Surprisingly, during the initial presentation, the baby was hypertensive despite the biventricular dysfunction and the hypertension persisted even after starting milrinone infusion (1 mcg/kg/min). Systemic blood pressure remained above 99th percentile for age during the first week and Nicardipine infusion (1 mcg/kg/min) was started on DOL 5 as a second anti-hypertensive agent (Fig. 1). A work-up for hypertension included renal and bladder ultrasound which showed normal renal anatomy without evidence of renal artery stenosis. Normal urine calcium levels excluded nephrocalcinosis. Ultimately, urinalysis showed elevated urine protein: creatinine ratio and beta-2-microglobulin, suggestive of antibody-mediated tubular injury potentially causing nephrogenic hypertension. Strikingly, the hypertension persisted, thus a continuous infusion of Esmolol starting at 100 mcg/kg/min was initiated as a third anti-hypertensive agent on DOL15 (Fig. 1). Systemic blood pressure showed an improving trend in the fourth week of life and continuous infusions of anti-hypertensive medications were gradually weaned off: first Milrinone (DOL21), then Esmolol (DOL25), finally Nicardipine (DOL28). Enteral Amlodipine was then started and continued for the following month with good control of the hypertension
Our patient’s clinical course was further complicated by new onset respiratory distress and hypoxemia requiring intubation on DOL13 and escalation to high frequency oscillator ventilation (HFOV) with iNO (inhaled Nitric oxide) to improve ventilation/perfusion mismatching. The baby received broad spectrum antibiotics (cefepime) and a second dose of IVIG for concerns of Lupus pneumonitis but showed no improvement in her respiratory status. The echocardiogram showed no evidence of cardiac dysfunction or pulmonary hypertension. There was no clear understanding of the pathophysiology of her lung disease, however, we can speculate it was a combination of inflammation, altered endothelial permeability, and fluid overload from her renal dysfunction. With appropriate respiratory support and gentle diuresis, the respiratory status improved, and we were able to wean the respiratory support back down to CPAP by DOL 30 and was weaned to room air by DOL 40.

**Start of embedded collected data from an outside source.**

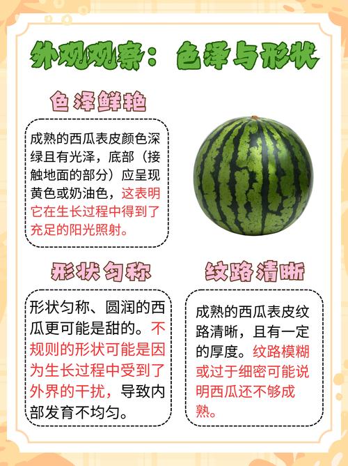 1、辨别西瓜是否成熟只需掌握五种观察技巧。理解了挑选的基本需求,咱们看看具体方法。瓜皮花纹若呈现墨绿与浅绿鲜明对比,纹路舒展无断裂感,通常成熟度高。瓜底接触土壤的黄***域越明显,范围大且色泽偏暗,说明生长时间充足。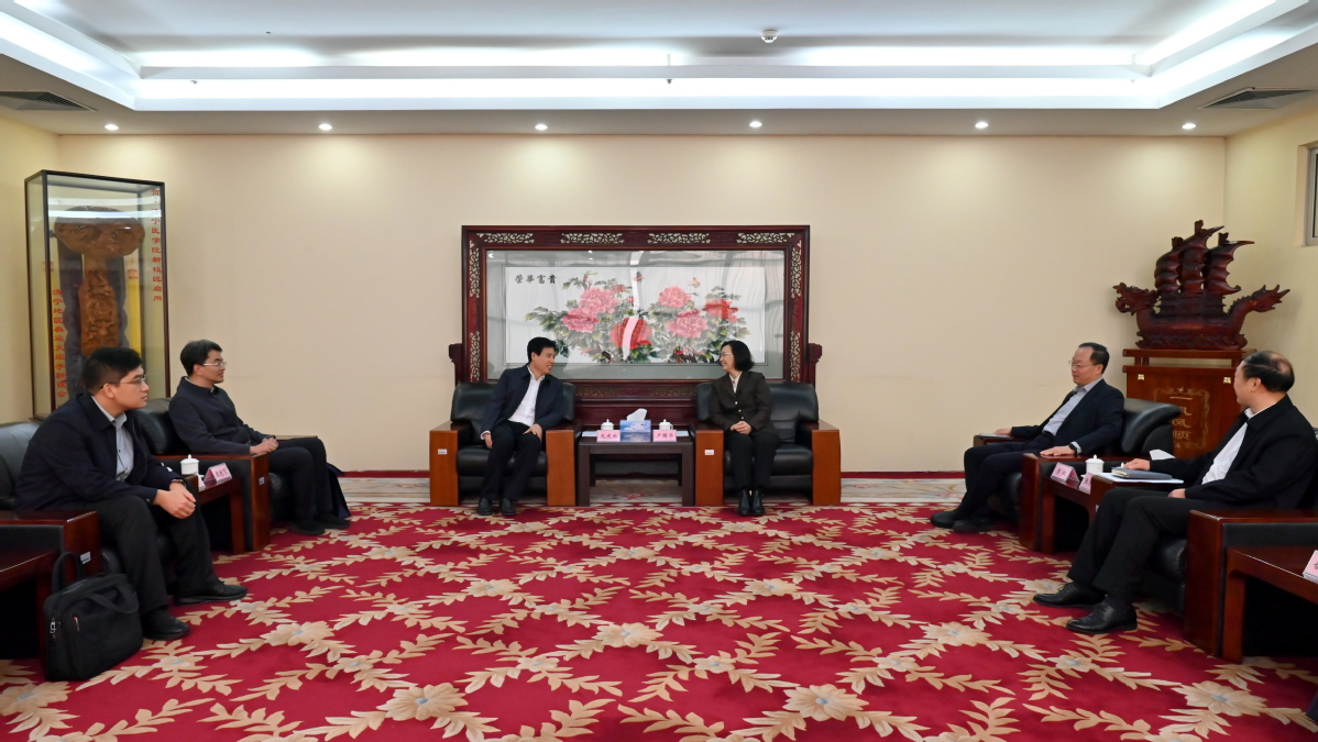 卢国华代表学校对庞建栋一行表示热烈欢迎,并简要介绍了学校近年来在人才培养、学科建设、科学研究、社会服务等方面取得的成果。她指出,学校始终以服务地方经济社会发展为己任,积极融入济宁发展大局,精准对接医药健康产业需求,持续深化校企协同创新,加快推进科技成果转化。在基层党建方面,学校严格落实新时代党的建设总要求,深入开展基层党组织规范提升行动,推动党建与事业发展深度融合,以高质量党建引领高质量发展。在人才队伍建设方面,学校深入实施“人才强校”战略,持续完善“育引服用”全链条工作机制,师资结构不断优化,为高质量发展提供了坚实人才支撑。她表示,学校将充分发挥临床医学、精神医学等学科专业优势,强化附属医院示范引领作用,为“健康济宁”建设提供坚强的人才支撑和智力保障。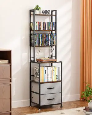 PAPAGIFTREE DVD Storage, Mutli 7-Tier DVD Storage Rack and Shelving, DVD Dispaly Shelf, CD Rack Tower for DVDs CDs Book Organizer with Drawers, Media Shelf, Manga Bookshelf for Gaming Media Moive Room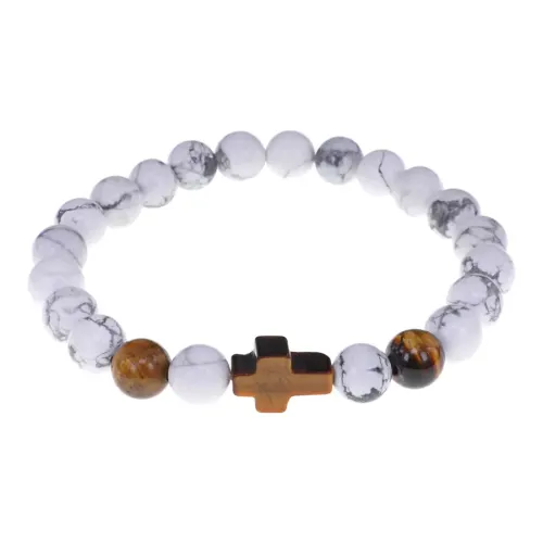 Браслет с крестом из Тигрового глаза, Кахолонг, 8мм BSHE-17-07

Over the next two months, the patient improved slowly. Her anti-hypertensive medications were transitioned to oral clonidine and amlodipine and then weaned off. She was discharged home by 2 months of age with a normal ECHO, blood pressure and renal function. She was tapered off hydrocortisone at 4 months of age with a normal subsequent ACTH stimulation test. At the 18 month high-risk infant visit, she displayed a normal neurologic exam and normal development for her age.